Segment Start: Dataset entries

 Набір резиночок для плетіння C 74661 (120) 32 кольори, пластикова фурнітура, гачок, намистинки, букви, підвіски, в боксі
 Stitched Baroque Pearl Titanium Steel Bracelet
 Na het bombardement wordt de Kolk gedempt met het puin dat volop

Segment End: Dataset entries
Segment Start: Dataset entries

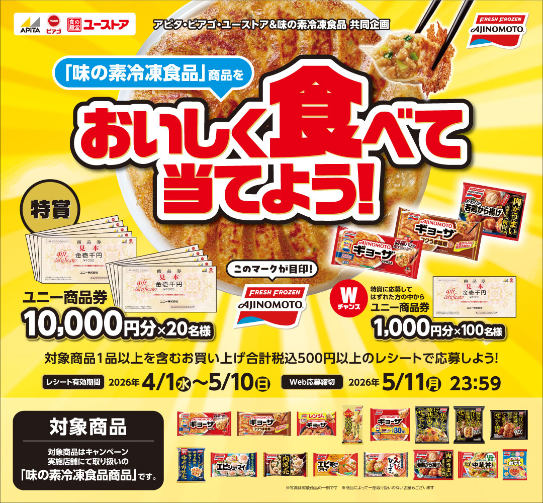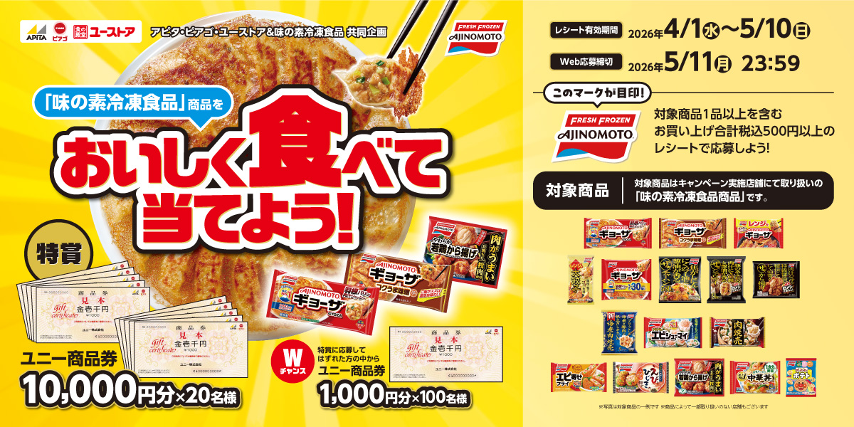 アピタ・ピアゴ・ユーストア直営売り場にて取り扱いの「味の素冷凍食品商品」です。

Segment End: Dataset entries
Segment Start: Dataset entries

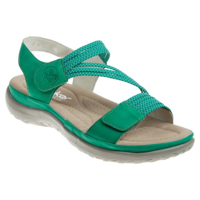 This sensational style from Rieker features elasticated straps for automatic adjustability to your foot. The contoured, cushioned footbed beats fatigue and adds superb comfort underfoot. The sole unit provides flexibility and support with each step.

Segment End: Dataset entries

* **Work required**:
Once the line with "Stitched Baroque Pearl" is found in the records above, print exactly that line and every line after it through the line with "Na het bombardement".

* **Response to this exercise**:
 Stitched Baroque Pearl Titanium Steel Bracelet
 Na het bombardement wordt de Kolk gedempt met het puin dat volop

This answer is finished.